Nel pane magro non serve aggiungere zucchero solo per “nutrire” il lievito. Approfondimento: il lievito ha bisogno di zucchero?.

La notte è una finestra di lavoro, non un numero-obiettivo

Per alcune prove annotate temperatura dell’impasto al raffreddamento, temperatura del frigorifero, durata del freddo e stato al mattino. Otterrete una vostra referenza ripetibile per la stessa farina, ricetta e quantità di lievito o lievito madre.
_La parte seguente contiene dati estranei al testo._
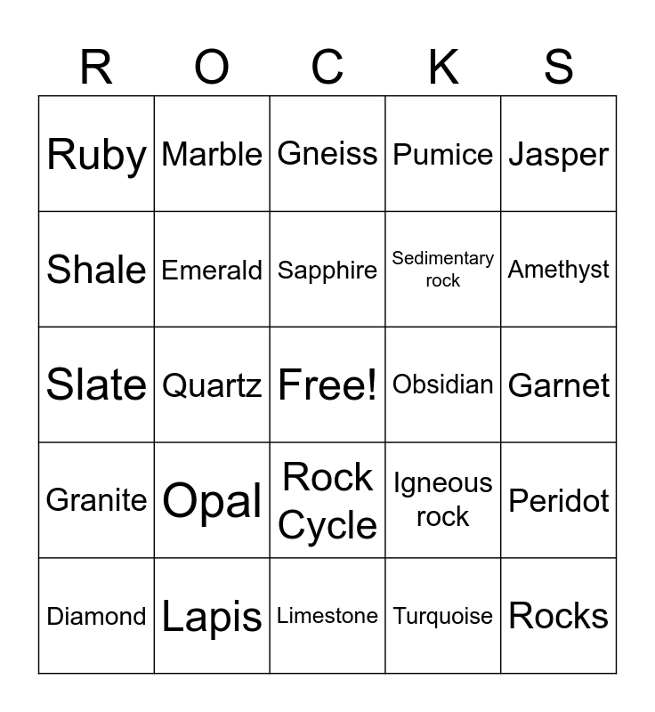 This bingo card has a free space and 27 words: Igneous rock, Metamorphic rock, Sedimentary rock, Limestone, Shale, Gneiss, Marble, Granite, Obsidian, Peridot, Slate, Pumice, Diamond, Lapis, Amethyst, Topaz, Emerald, Sapphire, Opal, Ruby, Garnet, Turquoise, Quartz, Rocks, Rock Cycle, Jasper and Gold.

Cambiare farina, idratazione, inoculo, dimensione dell’impasto o temperatura cambia anche il ritmo. La fermentazione a freddo diventa affidabile quando il tempo viene letto insieme alla temperatura e ai segnali reali dell’impasto.

Diagnosi

Problemi comuni e soluzioni

Problema

Problema

Termini tecnici

Termini utili da comprendere

Fermentazione in massa
Prima fase di fermentazione dopo l’impasto e prima della formatura.
Appretto finale
Fase di fermentazione della pagnotta formata prima della cottura.
Fermentazione a freddo
Fermentazione controllata a temperatura più bassa che rallenta fortemente il processo.
Ritenzione dei gas
Capacità della struttura dell’impasto di trattenere i gas e mantenere la forma.

Domande frequenti

Risposte alle domande frequenti

L’impasto deve sempre partire a temperatura ambiente prima del frigo?
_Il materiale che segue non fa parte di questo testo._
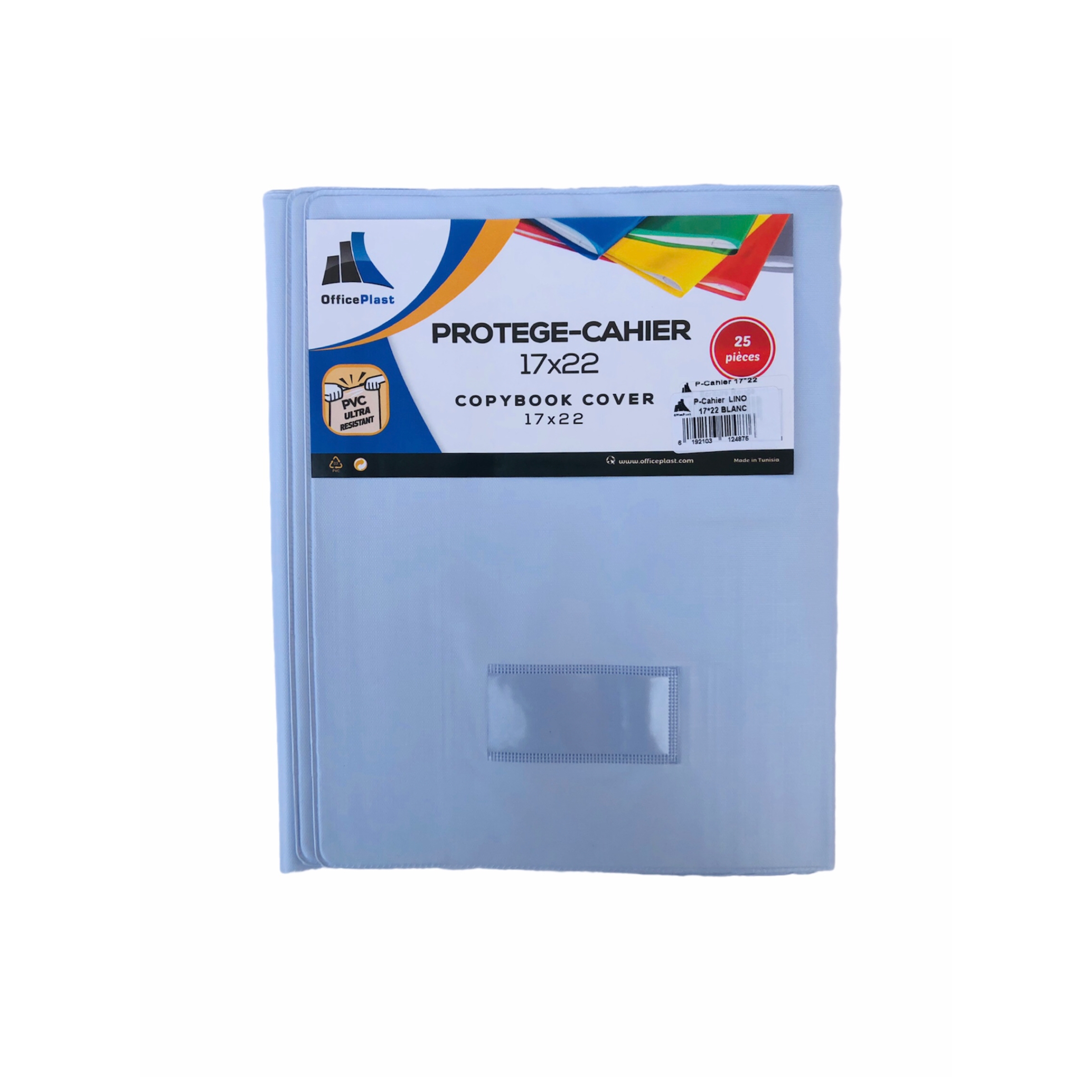 Protège-cahier lino blanc Office Plast 17×22, lot de 25 pièces, design à carreaux blancs, protection robuste en PVC.

No. Alcuni metodi prevedono una fase iniziale calda, altri un raffreddamento precoce. Seguite ricetta e stato dell’impasto.

Quante ore deve stare l’impasto in frigorifero?

Non esiste un numero universale. Dipende da temperatura, ricetta, lievito o lievito madre e sviluppo prima del freddo.

Posso cuocere il pane direttamente dal frigorifero?

Sì, se la pagnotta formata è già correttamente lievitata. Se è indietro, lasciatela progredire prima della cottura.

Come riconosco una sovrafermentazione dopo il freddo?

Segnali comuni sono forte perdita di tensione, struttura molto morbida e appiccicosa e scarsa tenuta della forma.

La fermentazione a freddo migliora sempre il sapore?

Può sviluppare un profilo più complesso, ma una fermentazione eccessiva può peggiorare struttura e sapore.